Note that comfort measures suitable for use in the emergency care setting, including emergency pain management, will be described in detail in a later chapter of this module.

In many A&E Departments in the UK, the triage process is supported by a Clinical Decisions Unit (CDU) or similar service. The purpose of CDUs is to help improve the efficiency of the triage process. CDUs use specialist teams of medical, nursing and allied health staff to assess, investigate and diagnose patients – and, subsequently, plan their care. CDUs are particularly useful for supporting the triage of patients with multiple and / or complex conditions.(Emergency Triage and Rapid Assessment)

Related Content: Triage Assessment Form

Management of a patient post-triage

Once the process of triage, as described throughout this chapter, is complete, a patient will be provided care – specifically, investigations and / or interventions to manage the clinical complaint for which they presented. Remember: the type of care a patient requires, and the time-frame in which they require it, will be determined (at least in part) during the triage process, and the level of acuity assigned to patient. The type of care provided to patients with a variety of injuries and illnesses in the emergency care setting will be explored in detail in later chapters of this module.(Emergency Triage and Rapid Assessment)

Once care has been provided within the emergency care setting and the patient is stable, or the care options which can be provided in this setting have been exhausted, a patient will be discharged from emergency care. In the UK, patients are typically discharged to one of three different settings:(Emergency Triage and Rapid Assessment)

  • To the community; this decision is made if the patient is sufficiently stable, and if any further investigation and / or intervention they may require can be delivered on an outpatient basis at a later time.
  • To an inpatient setting, such as a hospital, where they will be admitted for further investigation and / or intervention. Approximately 75% of emergency admissions to hospitals in the UK are made via A&E Departments, primarily Type 1 Departments.(Emergency Triage and Rapid Assessment)
  • To a short stay unit (or similar setting), if their condition is less serious but would still benefit from further investigation or intervention. These units, usually attached to Type 1 A&E Departments, allow patients to be monitored in a low-acuity setting for up to 72 hours. A decision is then made to admit the patient, or discharge them to the community.(Emergency Triage and Rapid Assessment)

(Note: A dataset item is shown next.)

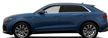
Ascari Blue Metallic 9W9W €3,467
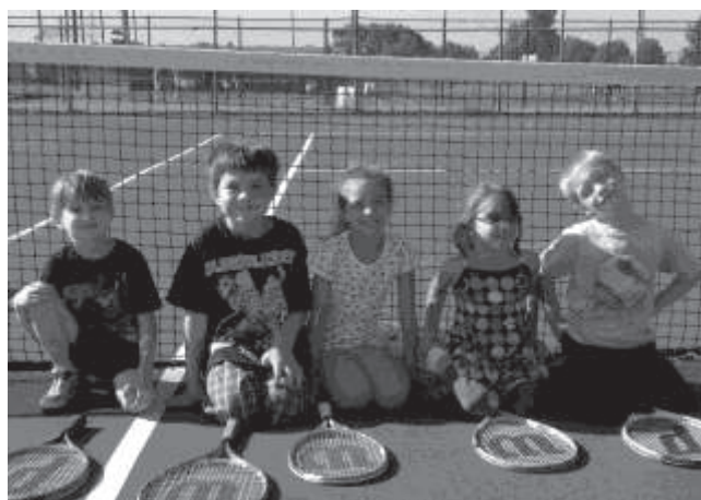
Local programming participants at Champagne Park in Allen Park sitting in front of their updated tennis nets from our recycling program assisting not only their programming but the city's high school players as well.

Wonder what we do with all the equipment we collect? We provide local programming with much needed resources: Racquets, Tennis Balls, Nets, and more!

It is also important to note that, although uncommon, it is possible for a patient to die in an emergency care. In this situation, the patient’s body may be discharged to a mortuary or similar location.

Challenges in the triage process

As highlighted earlier in this chapter, triage aims to ensure that all patients who present to an emergency care setting receive access to care in an organised, equitable and timely manner. However, as the number of presentations to emergency care settings in the UK increases, and as the complexity of the clinical conditions for which these patients present also increases, the triage system is being placed under increasing demand.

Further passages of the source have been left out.